# Recorded data:
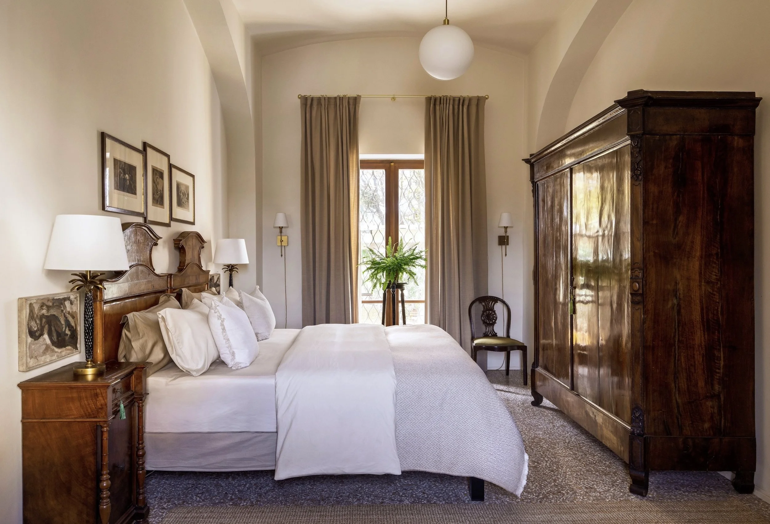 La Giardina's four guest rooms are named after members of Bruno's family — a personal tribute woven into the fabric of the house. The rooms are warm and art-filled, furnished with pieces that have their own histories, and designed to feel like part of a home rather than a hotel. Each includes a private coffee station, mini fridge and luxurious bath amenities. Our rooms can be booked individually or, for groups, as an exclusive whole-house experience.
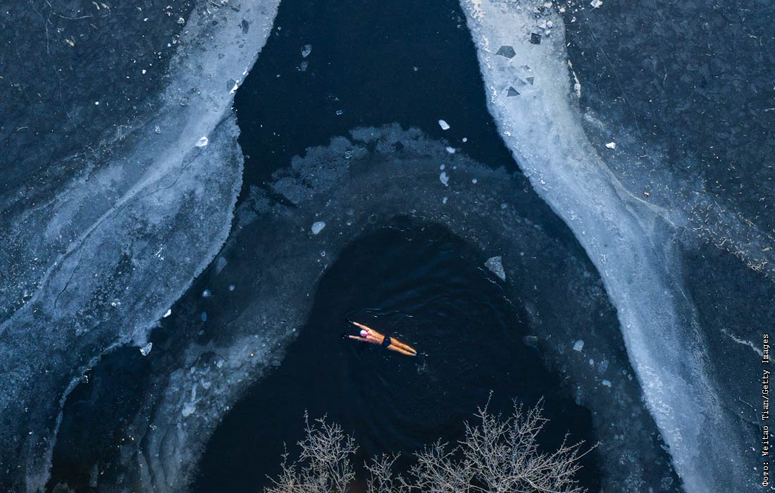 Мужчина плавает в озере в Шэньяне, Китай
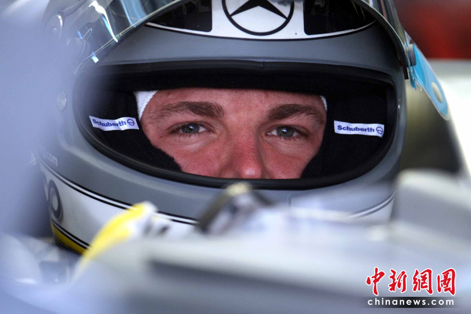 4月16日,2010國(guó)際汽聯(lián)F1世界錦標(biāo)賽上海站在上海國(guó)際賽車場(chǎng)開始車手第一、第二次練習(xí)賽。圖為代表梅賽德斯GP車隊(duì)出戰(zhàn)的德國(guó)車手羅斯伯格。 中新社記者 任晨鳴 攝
---
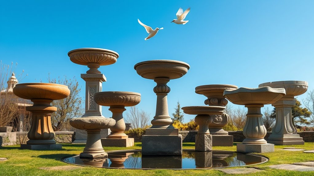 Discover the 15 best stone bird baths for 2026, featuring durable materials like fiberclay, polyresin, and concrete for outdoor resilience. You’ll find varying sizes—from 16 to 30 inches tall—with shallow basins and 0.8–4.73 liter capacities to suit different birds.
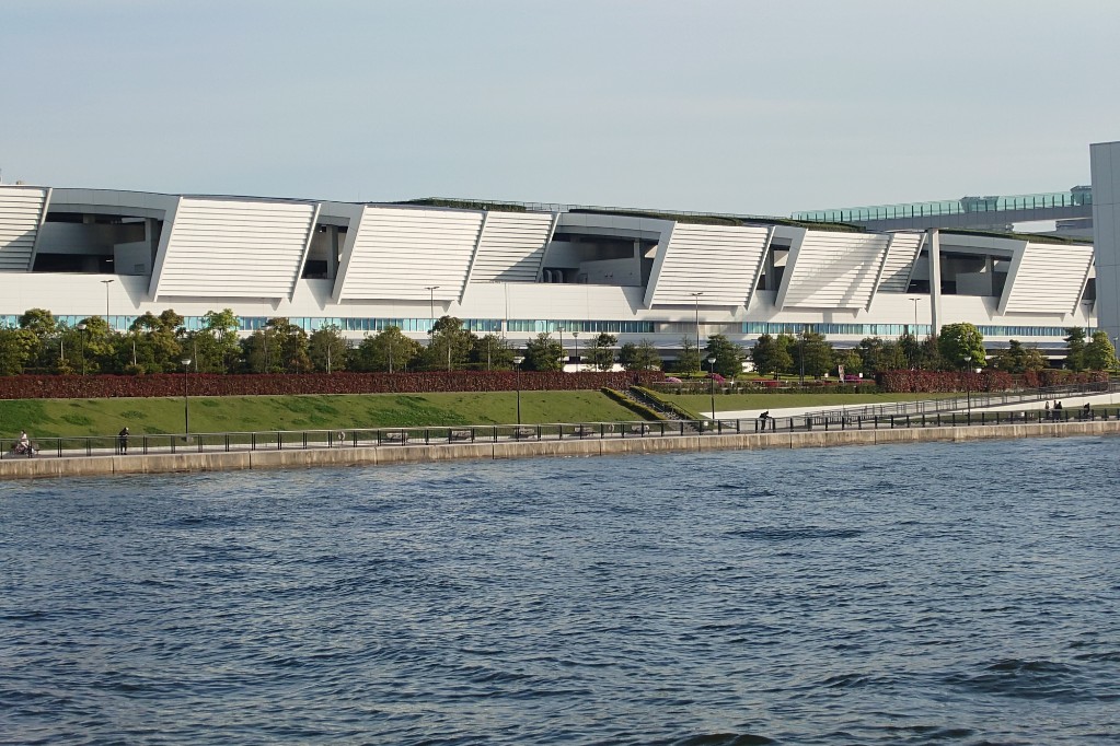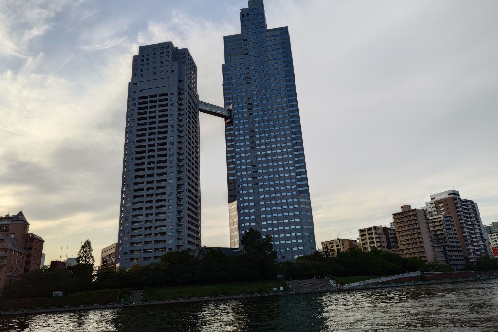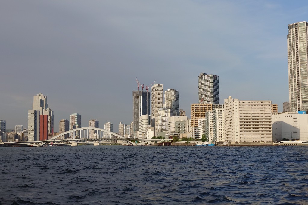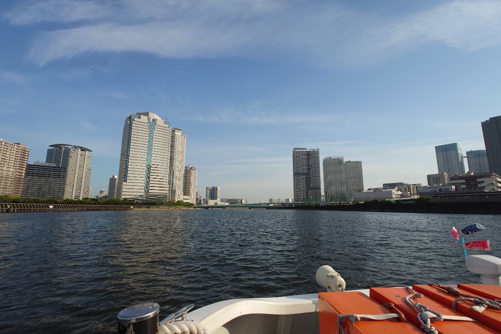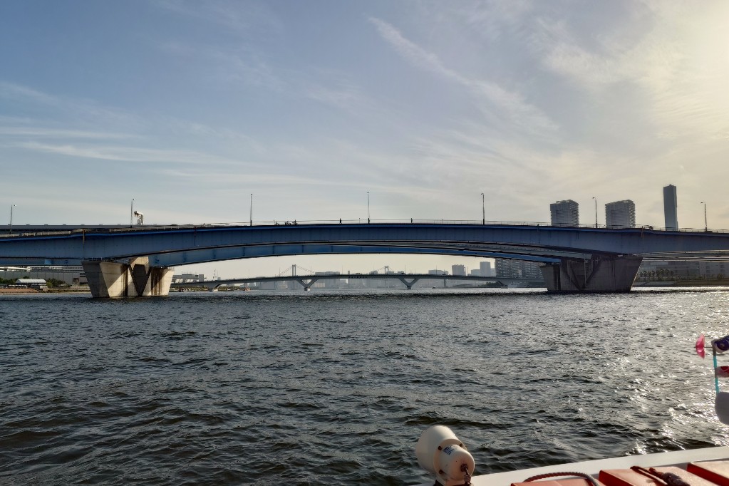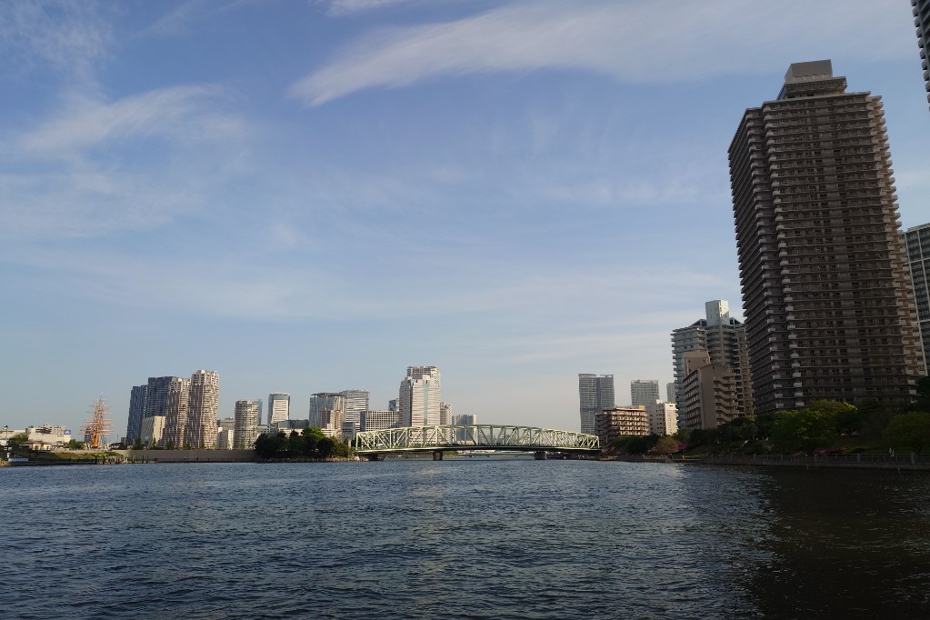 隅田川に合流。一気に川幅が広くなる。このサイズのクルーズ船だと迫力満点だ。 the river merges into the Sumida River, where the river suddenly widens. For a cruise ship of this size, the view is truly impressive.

# Directions:
Go down the entries above from the line containing "La Giardina's four" to the line containing "中新社記者 任晨鳴 攝" and write out each line exactly, leaving pictures out.

# Answer for the task:
 La Giardina's four guest rooms are named after members of Bruno's family — a personal tribute woven into the fabric of the house. The rooms are warm and art-filled, furnished with pieces that have their own histories, and designed to feel like part of a home rather than a hotel. Each includes a private coffee station, mini fridge and luxurious bath amenities. Our rooms can be booked individually or, for groups, as an exclusive whole-house experience.
 Мужчина плавает в озере в Шэньяне, Китай
 4月16日,2010國(guó)際汽聯(lián)F1世界錦標(biāo)賽上海站在上海國(guó)際賽車場(chǎng)開始車手第一、第二次練習(xí)賽。圖為代表梅賽德斯GP車隊(duì)出戰(zhàn)的德國(guó)車手羅斯伯格。 中新社記者 任晨鳴 攝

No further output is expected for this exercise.